Nor does he keep his other promise, that of detachment. True enough, he does not look at Communism from the inside – he is not an ex-Communist. But he does not view it from the outside either. He tries hard to maintain the outsider’s attitude but becomes involved in most of the thousand and one inner Communist controversies he describes; and on most of them he feels compelled to pronounce judgement.

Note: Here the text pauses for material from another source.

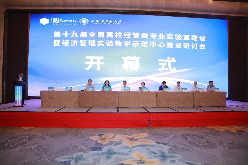 8月24日至26日,由国家级实验教学示范中心联席会经济与管理学科组主办、哈尔滨商业大学承办的第十九届全国高校经管类专业实验室建设暨经济管理实验教学示范中心建设研讨会在哈尔滨召开。教育部高教司实验室处处长高东锋,黑龙江省教育厅副厅长王淑云,黑龙江省教育厅高教处处长蒋鲲,国家级实验教学示范中心联席会副秘书长、北京大学实验室与设备管理部副部长周勇义,国家级实验教学示范中心联席会经管学科组组长、山东大学商学院院长戚桂杰,大会创始人、中国信息经济学会名誉理事长、中国人民大学信息学院教授陈禹等专家、学者出席会议。哈尔滨商业大学校长郑秋鹛在开幕式上致辞,副校长程伟主持开幕式并做主题报告。
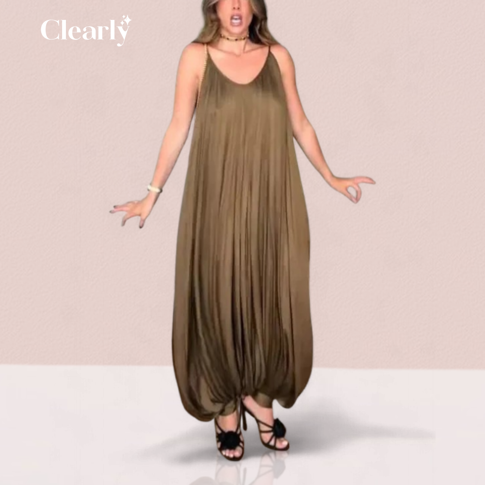 Niezależnie od tego, czy wybierasz się na brunch, letnią randkę, czy weekendowy wypad za miasto, ten kombinezon robi natychmiastowy efekt 'wow'. Szerokie nogawki są lekkie i optycznie wydłużają sylwetkę, a plisowanie dodaje luksusowego wyglądu – bez konieczności spędzania godzin przed lustrem.

The judgements are inevitably snappy and dogmatic; the angle from which they are made is rarely clear; and the effect is similar to that which might be produced by a Muslim historian who, trying to pronounce on the theological merits and demerits of Christian dogma, finds himself siding now with the Church of Rome, then with Luther or Calvin, then again with Rome, then with the Socinians, and all the time tries to remember that in analysing the various conceptions of the Holy Trinity he must be guided solely by the teachings of the Koran.

Nor has Mr Seton-Watson made up his mind whether the contribution he has to make is to scholarship or to the literature of the Cold War. This is not an easy dilemma. The specialist in contemporary history wrestles with it constantly. The criticism is not that Mr Seton-Watson has failed to resolve the dilemma, but that he has failed to face it. He castigates Lenin for the habit of imputing evil intent to opponents, but he himself does little else: Trotsky and Marshal Tito are the only Communist leaders treated with some charity. Thus, although the author sets out to analyse the revolutionary movement, not the conspiracy, of Communism, under his pen that movement itself becomes transformed into a mere conspiracy. Invective is inseparable from this method, but it is not one of Mr Seton-Watson’s strong points. One may like or dislike, for instance, the Communist criticism of neo-Malthusian theory; but this is surely not the way to counter it:

Communists deny that there is any problem of overpopulation in the world. Their doctrines on this subject are a mixture of eighteenth-century rationalist optimism with an unceasing hunt for scapegoats. Poverty is due solely to the wickedness of capitalists, landowners and Western imperialists: annihilate these, and all will be well. This idiotic dogma is doubtless sincerely believed by the faithful. It also has tactical advantages. Togliatti’s desire for more Italian babies has the same motive as had Mussolini’s. Rapid growth of the population yields further millions of soldiers and forced labourers, cannon-fodder and factory-fodder in the Stalinist third of the world, civil-war-fodder outside the zone.

The author’s polemical fervour, which makes him see Togliatti as anxious to raise babies in Signor de Gasperi’s Italy only for Stalin’s greater glory, also does some harm to scholarly precision. To give only a few examples: Marx’s view of the Russian rural commune is incorrectly summarised. It is incorrect to treat Benito Mussolini and Rosa Luxemburg as spokesmen of the same views in the pre-1914 Socialist International; like Gustave HervĂ©, Mussolini was then on the ‘ultra-left’ wing, which was despised by Luxemburg. It is not true that Luxemburg favoured the reconstitution of the Second International in 1918, although she opposed the immediate formation of the Comintern. Trotsky first developed his theory of permanent revolution, not in 1909 but in 1905-06. The beginning of the mass purges in Russia came, not towards the end of 1936 but nearly two years earlier. Stalin died, not in February 1953, but in March.

Mr Seton-Watson seems to have read too much and reflected too little. His interests have been too wide and his understanding too narrow. Consequently, his conclusions, even when they are not tautological, do not go beyond popular truisms. One need not have Mr Seton-Watson’s erudition to guess that revolutions occur when state machines collapse, and that state machines collapse when they cease to function; or that Communism wins in backward, agrarian countries when it gains the peasantry’s support, but has no chance in advanced, wealthy and well-governed countries; or finally, that Stalinist imperialism is a menace and that we ‘ought to be patient and strong’. The author – this should be emphatically repeated – has all the qualities of an outstanding scholar. But he ought perhaps to remember that noblesse oblige.